TASK STATEMENT: Please transcribe the listing below in full and word for word, without its pictures.

INFORMATION SHOWN:
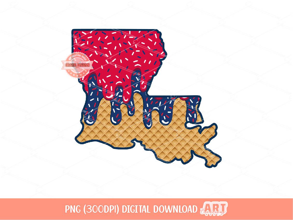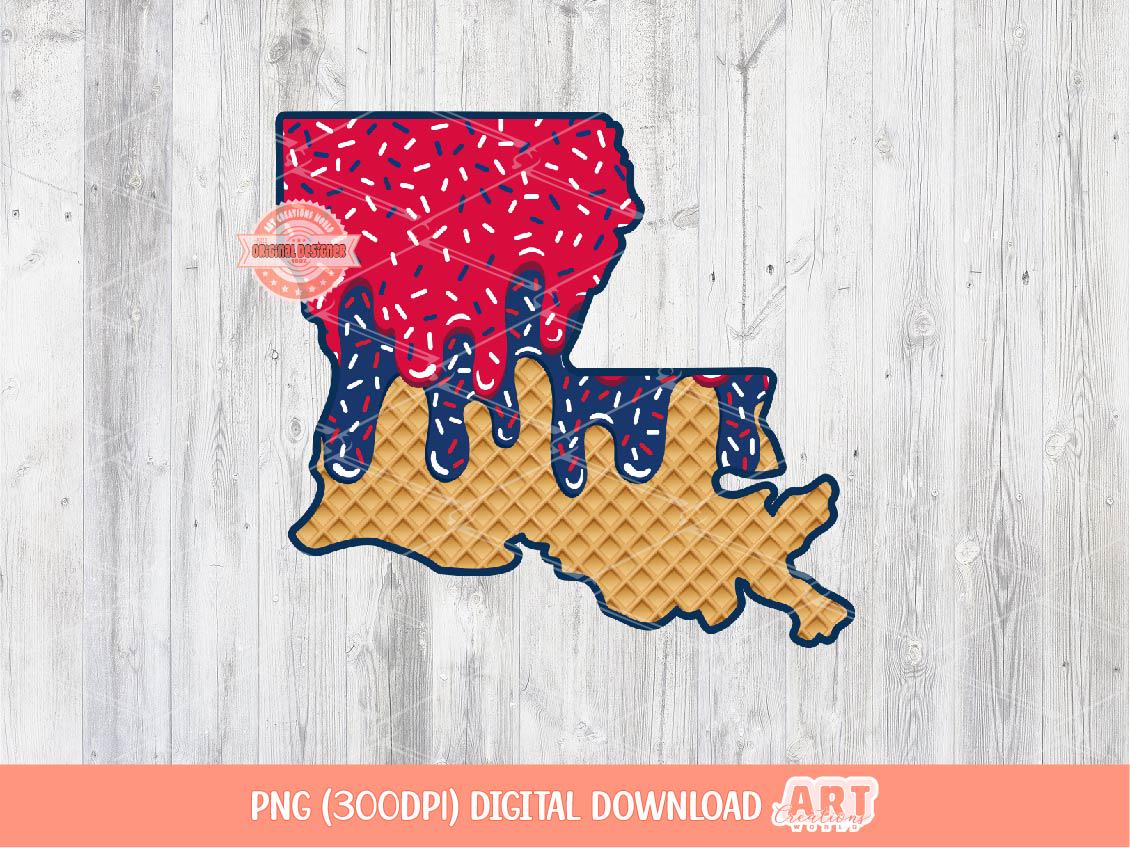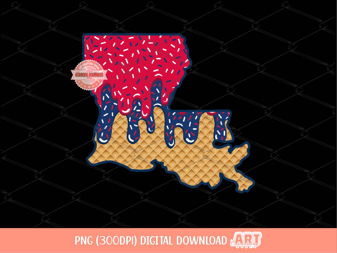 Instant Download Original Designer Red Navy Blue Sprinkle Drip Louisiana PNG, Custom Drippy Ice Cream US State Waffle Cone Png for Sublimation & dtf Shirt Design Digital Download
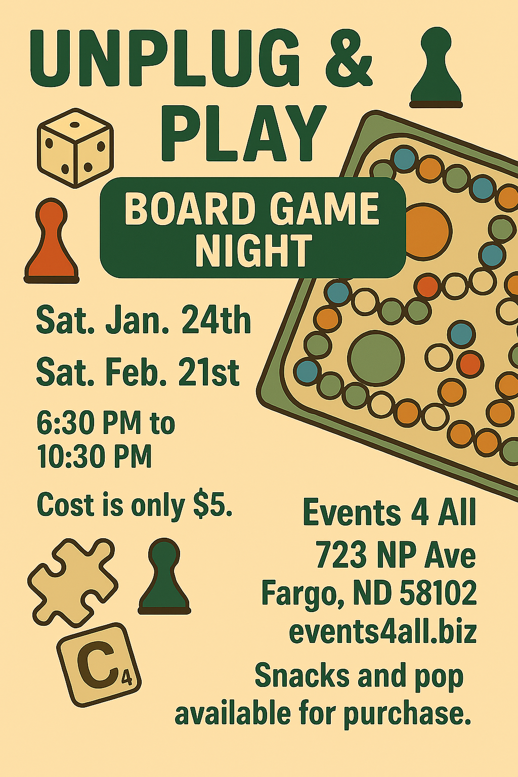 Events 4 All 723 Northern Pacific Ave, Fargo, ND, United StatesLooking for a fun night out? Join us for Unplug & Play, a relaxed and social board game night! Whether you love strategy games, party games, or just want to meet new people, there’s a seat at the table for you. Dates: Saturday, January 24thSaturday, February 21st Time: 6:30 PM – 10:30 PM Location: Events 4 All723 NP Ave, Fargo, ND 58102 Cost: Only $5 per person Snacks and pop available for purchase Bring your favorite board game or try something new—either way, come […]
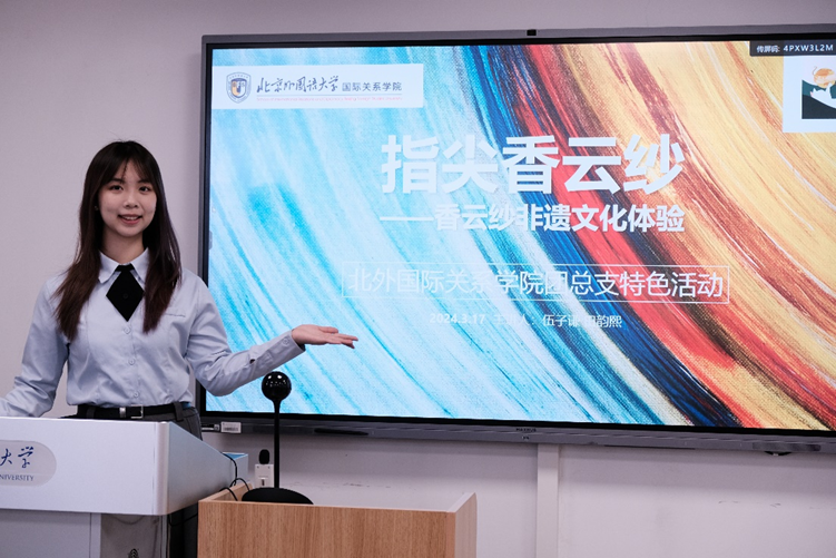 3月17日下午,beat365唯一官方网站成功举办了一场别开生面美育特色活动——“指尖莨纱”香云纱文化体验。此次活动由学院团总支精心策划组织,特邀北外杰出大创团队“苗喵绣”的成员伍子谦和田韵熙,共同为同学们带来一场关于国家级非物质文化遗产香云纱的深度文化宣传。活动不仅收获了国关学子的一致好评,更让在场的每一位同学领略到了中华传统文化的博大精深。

TASK SOLUTION:
 Instant Download Original Designer Red Navy Blue Sprinkle Drip Louisiana PNG, Custom Drippy Ice Cream US State Waffle Cone Png for Sublimation & dtf Shirt Design Digital Download
 Events 4 All 723 Northern Pacific Ave, Fargo, ND, United StatesLooking for a fun night out? Join us for Unplug & Play, a relaxed and social board game night! Whether you love strategy games, party games, or just want to meet new people, there’s a seat at the table for you. Dates: Saturday, January 24thSaturday, February 21st Time: 6:30 PM – 10:30 PM Location: Events 4 All723 NP Ave, Fargo, ND 58102 Cost: Only $5 per person Snacks and pop available for purchase Bring your favorite board game or try something new—either way, come […]
 3月17日下午,beat365唯一官方网站成功举办了一场别开生面美育特色活动——“指尖莨纱”香云纱文化体验。此次活动由学院团总支精心策划组织,特邀北外杰出大创团队“苗喵绣”的成员伍子谦和田韵熙,共同为同学们带来一场关于国家级非物质文化遗产香云纱的深度文化宣传。活动不仅收获了国关学子的一致好评,更让在场的每一位同学领略到了中华传统文化的博大精深。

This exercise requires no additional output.